Your task:
Copying rule for the data below: pictures stay out, and only the lines from the one with "Album Fotografico Artigianale" down to the one with "Perry the llama", inclusive, are repeated exactly.

Entries shown:
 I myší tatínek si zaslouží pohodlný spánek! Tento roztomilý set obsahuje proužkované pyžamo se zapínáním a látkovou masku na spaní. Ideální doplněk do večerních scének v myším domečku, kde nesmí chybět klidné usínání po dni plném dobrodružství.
---
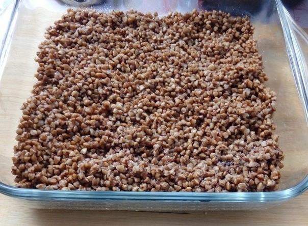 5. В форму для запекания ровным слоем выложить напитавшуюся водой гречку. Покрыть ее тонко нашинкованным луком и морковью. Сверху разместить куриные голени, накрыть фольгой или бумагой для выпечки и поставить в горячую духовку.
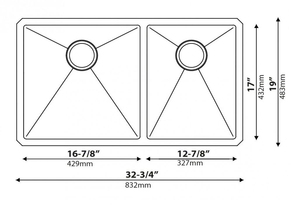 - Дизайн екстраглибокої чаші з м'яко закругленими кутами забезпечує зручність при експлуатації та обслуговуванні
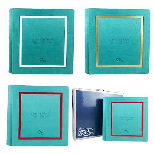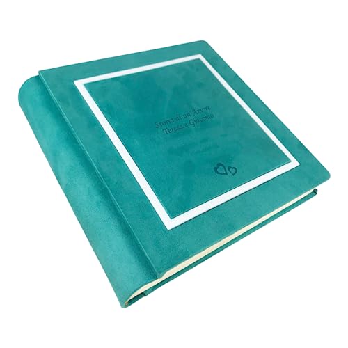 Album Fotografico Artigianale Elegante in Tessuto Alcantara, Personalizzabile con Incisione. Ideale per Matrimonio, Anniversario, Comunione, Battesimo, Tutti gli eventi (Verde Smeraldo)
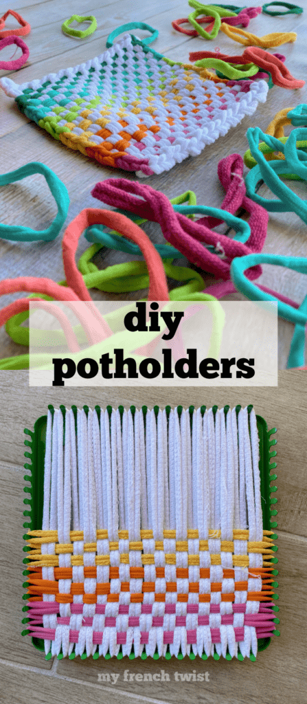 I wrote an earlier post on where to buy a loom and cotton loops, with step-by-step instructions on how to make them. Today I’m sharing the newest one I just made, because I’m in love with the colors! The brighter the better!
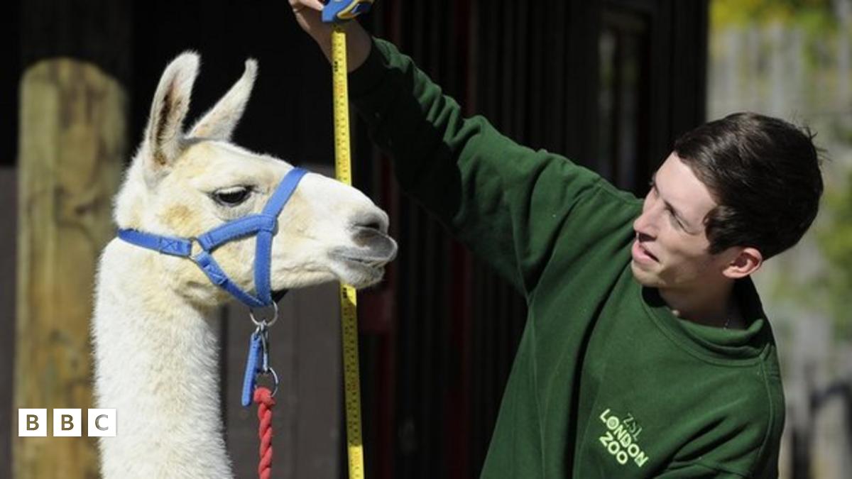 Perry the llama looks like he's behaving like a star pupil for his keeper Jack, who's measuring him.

Result of the exercise:
 Album Fotografico Artigianale Elegante in Tessuto Alcantara, Personalizzabile con Incisione. Ideale per Matrimonio, Anniversario, Comunione, Battesimo, Tutti gli eventi (Verde Smeraldo)
 I wrote an earlier post on where to buy a loom and cotton loops, with step-by-step instructions on how to make them. Today I’m sharing the newest one I just made, because I’m in love with the colors! The brighter the better!
 Perry the llama looks like he's behaving like a star pupil for his keeper Jack, who's measuring him.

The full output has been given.